Copy-Less Book Scanning, A Detailed Case of iPhone App Piracy, and More

  • A new bill could undermine EFF’s DMCA exemption petition
    The EFF has gone to bat for consumers seeking a DMCA exemption for unlocking phones. While they are waiting on a ruling, some providers have lobbied to get a bill introduced that would make the DMCA moot, legislating to directly forbid unlocking or otherwise modifying prepaid phones. Hopefully there will be opportunity for comment on the bill, soon, and an action alert from the EFF.
  • An engineer’s proposal for copy-less book scanning
    Via Hacker News. I had to admire the will to try to think through this solution but I don’t think any amount of technical indirection is not going to pass legal muster. Big content has not been shy about making arguments about certain ephemeral copies being infringing, even if they are destroyed promptly. Not all courts have agreed with this notion, but enough to muddy the waters. I really hate having to say this just isn’t a technical problem, it really is a legal one. We need copyright reform, not obfuscation and encryption.
  • YouTube being investigated in Germany for criminal infringement
    As the linked article notes, it is not clear whether this will culminate in a court case.
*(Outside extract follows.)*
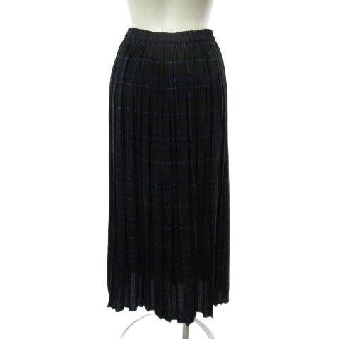 イエナ IENA ロングスカート ウエストゴム チェック プリーツ グリーン ネイビー34 レディース

The fact that the rights holders here are pursuing criminal charges seems to be an escalation from civil proceedings from which they claim they did not get a response, or at least not an adequate response.
  • iPhone app developer speaks out about piracy
    The sample set is admittedly small but does appear to be a damning case study for pirates not using illegitimate copies to try before buying. The silver lining is that the developer is not just implementing a knee jerk protection scheme, but thinking about how to change their business model to capture more sales, such as giving the game away and charging for fresh, downloadable content.
  • Apple discontinues port effort around ZFS
    A lot of speculation as to why, ranging from uncertainty around Oracle’s acquisition of Sun and its stake in ZFS to a patent claim over the file system. Both point to better models to protect open source innovation in the face of problematic copyright ownership, like the raging debate over Oracle and MySQL, and the threats of software patents.
  • Live action adaptation of Ghost in the Shell
    IO9 has the details, none of which I am pleased with. I was massively disappointed by the animated film and slightly less so with its sequel. Standalone Complex made me feel a bit better, as I felt it followed the themes and visual style of Shirow’s work more closely. I just can’t conceive of how a live action version would do anything other than fall completely flat.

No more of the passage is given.